Sarahmina, please don't quote me out of context. I didn't say that roads have been repaved "all along." I said there has been repaving before now during this administration -- as a factual correction to a lot of unfactual statements made.

You must understand that the pipes underneath the roads are a huge problem -- and paying to replace them. We had many roads paved in 2009 that had to be ripped up due to those issues. I'm nervous about spending all this money for repaving without fixing the infrastructure adequately. And I'm nervous that all the whining about repaving might get the mayor to go ahead and spend money before he should on repaving streets. This isn't about me defending him; it's about me wanting you and others to get the dang facts straight and not spread lies.


Knowledge06 6 years, 11 months ago

Sarahmina, you obviously don't live in the City of Jackson. I live in South Jackson and although there are additional streets that need paving, Terry Road and Elton Rd specifically were paved within the last three years. Terry Rd was a substantial paving because it went from near Jackson State to near Byram. In addition, Forest Hill Rd was paved from Terry Rd to Cooper Rd and McCluer Rd from Terry Rd to Henderson Rd. These were just in the part of South Jackson I live in. I know other people can name streets that have been paved in the areas they live in within the last 3 years. You probably should get out more before you continue making uninformed comments!
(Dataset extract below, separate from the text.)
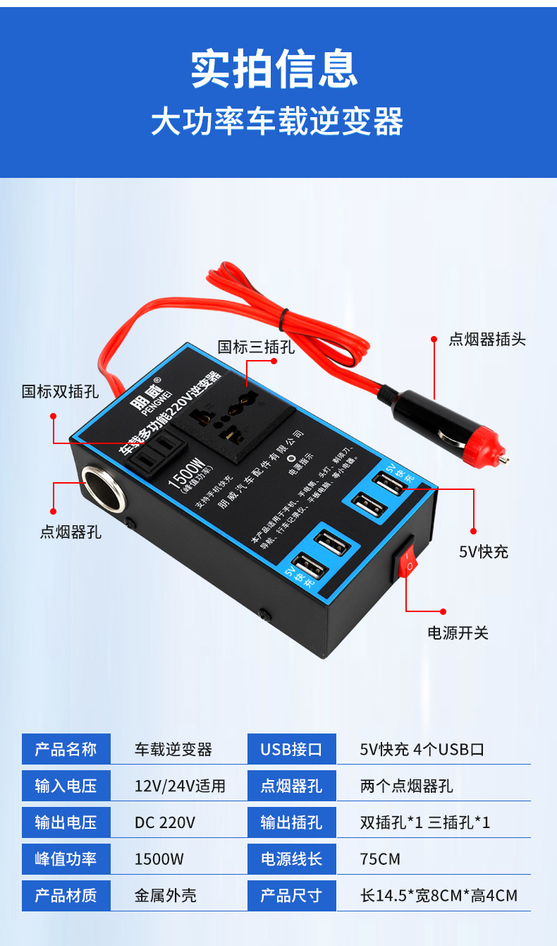 [Китайская версия] Автомобильный инвертор [4USB] Высококачественное усиление; [Английская версия] Автомобильный инвертор [4USB] Высококачественное усиление

donnaladd 6 years, 11 months ago

The Regina Quinn campaign sent this response to Mayor Johnson's repaving strategy:

*"I see a Jackson with complete streets and a modern and effective water and wastewater system. In order to address our crumbling roads, and our water and wastewater issues, we must take advantage of the resources that are available to us. We must strengthen our federal, state, and local relationships, and use innovative approaches to pay for infrastructure improvements. I am not opposed to using bond financing and will look at our general funds to see what possibilities there are to better address our infrastructure needs. Bonds are often used for infrastructure and capital improvement projects; however, these tools have never been a panacea in that several of the last few administrations have all levied bonds to attempt to address our infrastructure problems. Nevertheless, in any case, we will pay for infrastructure by comprehensively and aggressively pursuing all options available to us."
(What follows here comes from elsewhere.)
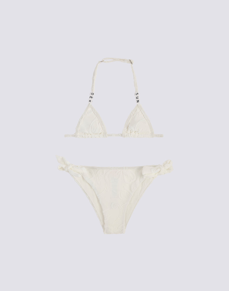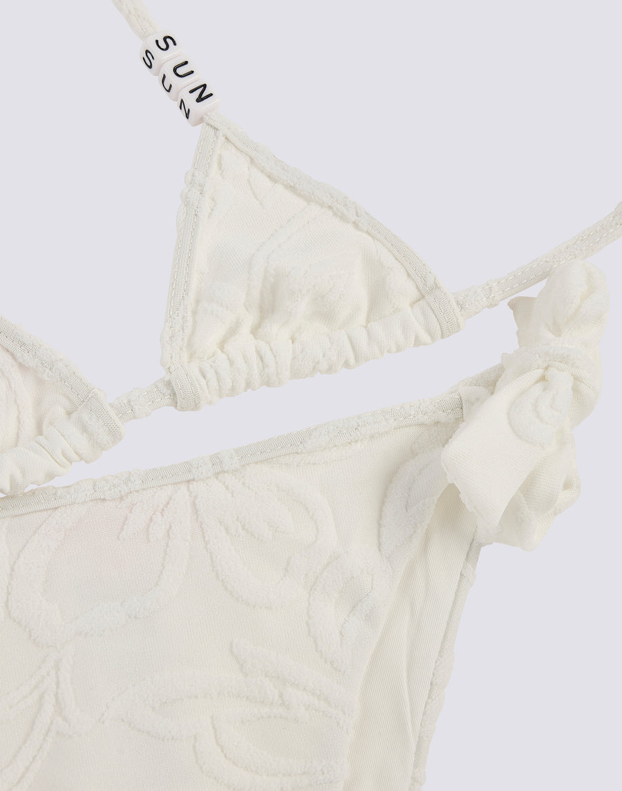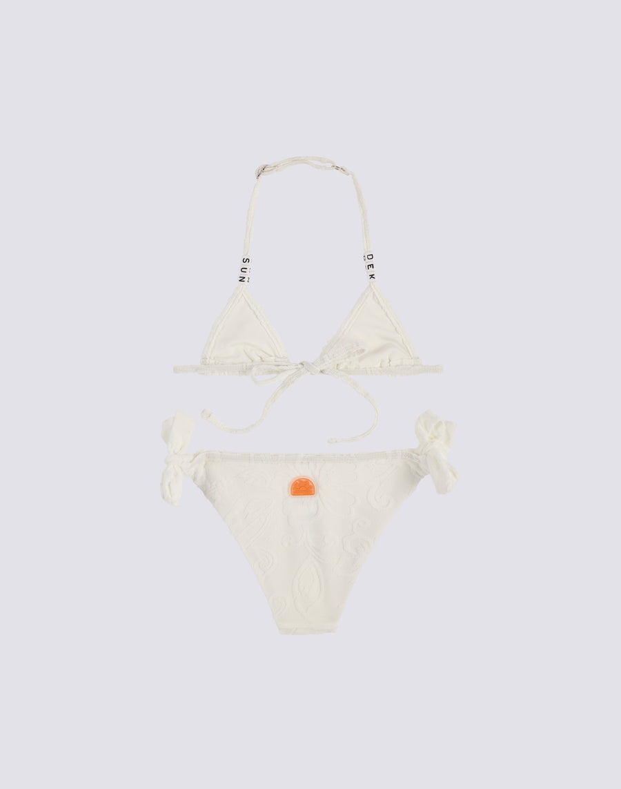 Mini bikini en jacquard éponge avec motif SK23 composé d'un triangle avec attaches réglables et d'une culotte avec nœuds, également réglable.

"The citizens are tired of Harvey Johnson's ELECTION-man plans. I was pleased when the council originally said no to his reactive political plan to levy a $10M bond for paving roads just to bolster his re-election bid. Ultimately his gimmick passed, but I see only four members of the council were present to pass this election tactic by a vote of 3-1. Harvey's timing seems very politically convenient. Moreover, Johnson's paving record is significantly misleading. Several of the paving efforts that have occurred in the last 3 ½ years have been due to other individuals or entities stepping up to the plate and getting the job done, not due to any initiative of Johnson. "When this administration began in 2009, he was the beneficiary of a bond issuance of over $20M that was levied under the Melton administration. The MS Department of Transportation performed a paving project in West Jackson by saving ARRA funds (stimulus) that the City otherwise would have lost due to the city's mismanagement of the funds and inability to draw the funds down for implementation. Hinds County put over $1M into paving and median improvement efforts that were done on Highway 80. The roadwork done in South Jackson by the Timber Falls project was done by private developers who used improved paving methods to ensure more durability for those roads. We should use long term debt to finance durable investments. The current paving program simply lacks vision. There are many workable solutions, but its going to take an aggressive and innovative approach that capitalizes on relationships and better use of resources.

"If you really want to know about Johnson's re-paving record, ask the citizens of Jackson who drive these roads everyday how their cars are doing. We are convinced its time for a new direction."*

(This statement has not been factchecked; we welcome other candidate and citizen comments on roads and repaving under this thread.)